First, it needed the right technology, which it acquired thanks to its exclusive license to OpenAI’s technology. Since 2019, OpenAI has stopped open-sourcing its technology and is instead licensing it to its financial backers, chief among them Microsoft. Codex and Copilot were created off GPT-3 with the help of OpenAI’s scientists.
Other large tech companies have been able to create large language models that are comparable to GPT-3. But there’s no denying that LLMs are very costly to train and run.
“For a model that is 10 times smaller than Codex—the model behind Copilot (which has 12B parameters on the paper)—it takes hundreds of dollars to do the evaluation on this benchmark which they used in their paper,” Loubna Ben Allal, machine learning engineer at Hugging Face, told TechTalks. Ben Allal referred to another benchmark used for Codex evaluation, which cost thousands of dollars for her own smaller model.
“There are also security issues because you have to execute untrusted programs to evaluate the model which might be malicious, sandboxes are typically used for security,” Ben Allal said.
Leandro von Werra, another ML engineer at Hugging Face, estimated training costs to be between tens to hundreds of thousands of dollars depending on the size and number of necessary experiments to get it right.
“Inference is one of the biggest challenges,” von Werra added in comments to TechTalks. “While almost anybody with resources can train a 10B model these days, getting the inference latency low enough to feel responsive to the user is an engineering challenge.”
This is where Microsoft’s second advantage kicks in. The company has been able to create a large cloud infrastructure that is specialized for machine learning models such as Codex. It runs inference and provides suggestions in milliseconds. And more importantly, Microsoft is able to run and provide Copilot at a very affordable price. Currently, Copilot is offered at $10/month or $100/year, and it will be provided for free to students and maintainers of popular open-source repositories.
Most developers I spoke to were very satisfied with the pricing model because it made them much more than its price in time saved.

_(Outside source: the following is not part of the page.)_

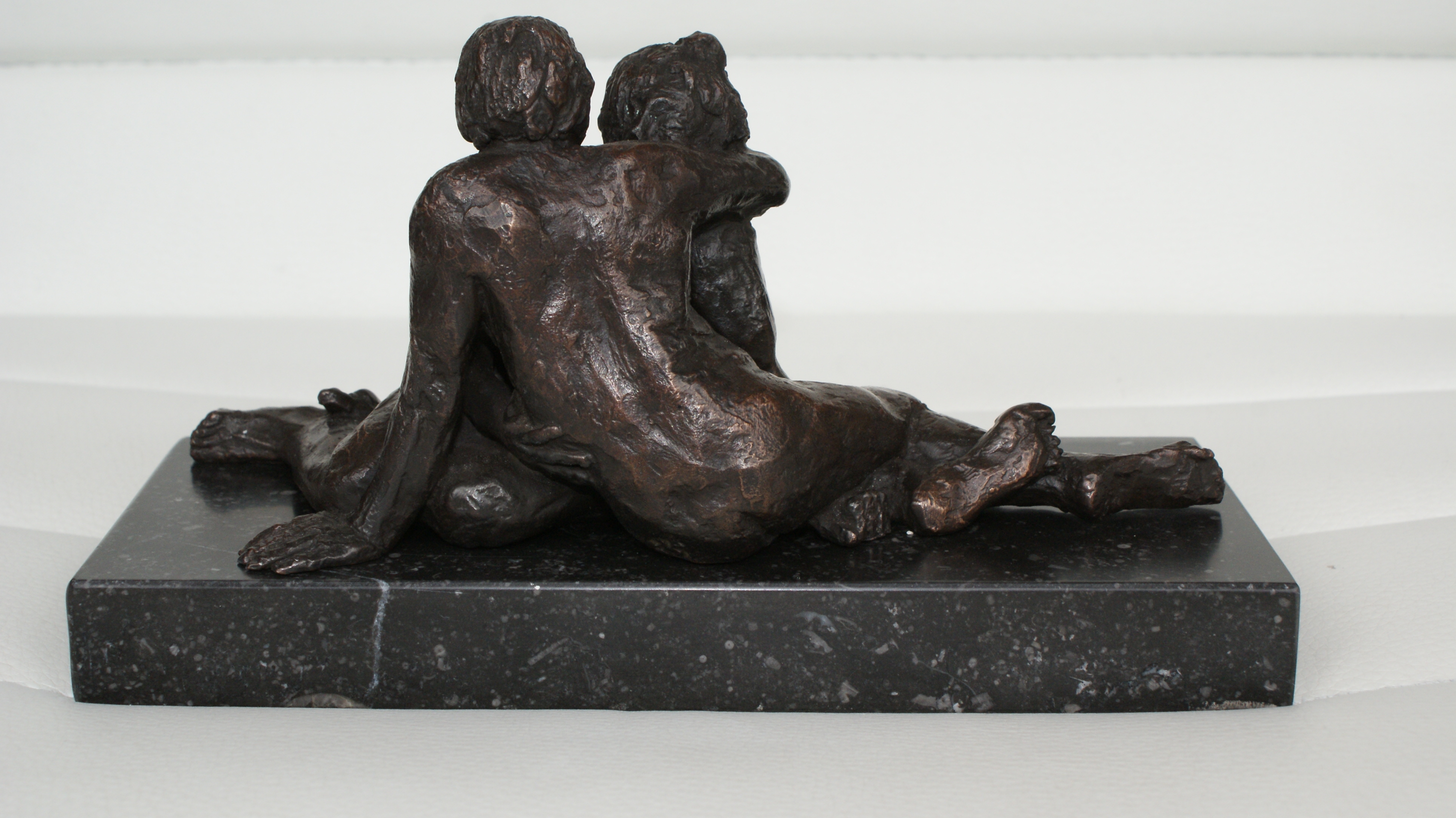 Een bronzen beeldje dat de afbeelding weergeeft van een lang durende liefde. Een vrouw liggend in de armen van een man die haar steunt, al vele jaren lang. Bijna versmolten met elkaar.

Abhishek Thakur, another ML engineer at Hugging Face I spoke to earlier this week, said, “As a machine learning engineer, I know that a lot goes into building products like these, especially Copilot, which provides suggestions with sub-milliseconds latency. To build an infrastructure that serves these kinds of models for free is not feasible in the real world for a longer period of time.”
However, running code generator LLMs at affordable rates is not impossible.

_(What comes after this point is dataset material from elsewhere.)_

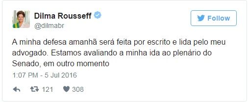 “A minha defesa amanhã (6) será feita por escrito e lida pelo meu advogado. Estamos avaliando a minha ida ao plenário do Senado, em outro momento”, escreveu a presidente.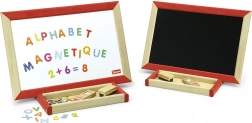 Multifunkciós asztali tábla gyerekeknek szórakozást és tanulást kínál. Kétoldalas mágneses fa alappal, amelyre krétával vagy speciális filctollakkal lehet rajzolni.

“In terms of the compute to build these models and necessary data: that‘s quite feasible and there have been a few replications of Codex such as Incoder from Meta and CodeGen (now accessible for free on the Hugging Face Hub) from Salesforce matching Codex‘s performance,” von Werra said. “There is definitely some engineering involved in building the models into a fast and nice product, but it seems many companies could do this if they want to.”
However, this is where the third piece of the puzzle kicks in. Microsoft’s acquisition of GitHub gave it access to the biggest developer market, making it easy for the company to put Copilot into the hands of millions of users. Microsoft also owns Visual Studio and VS Code, two of the most popular IDEs with hundreds of millions of users. This reduces the friction for developers to adopt Copilot as opposed to another similar product.
With its pricing, efficiency, and market reach, Microsoft seems to have solidified its position as the leader in the emerging market for AI-assisted software development. The market can take other turns. What’s for sure (and as I have pointed out before) is that large language models will open up plenty of opportunities to create new applications and markets. But they won’t change the fundamentals of sound product management.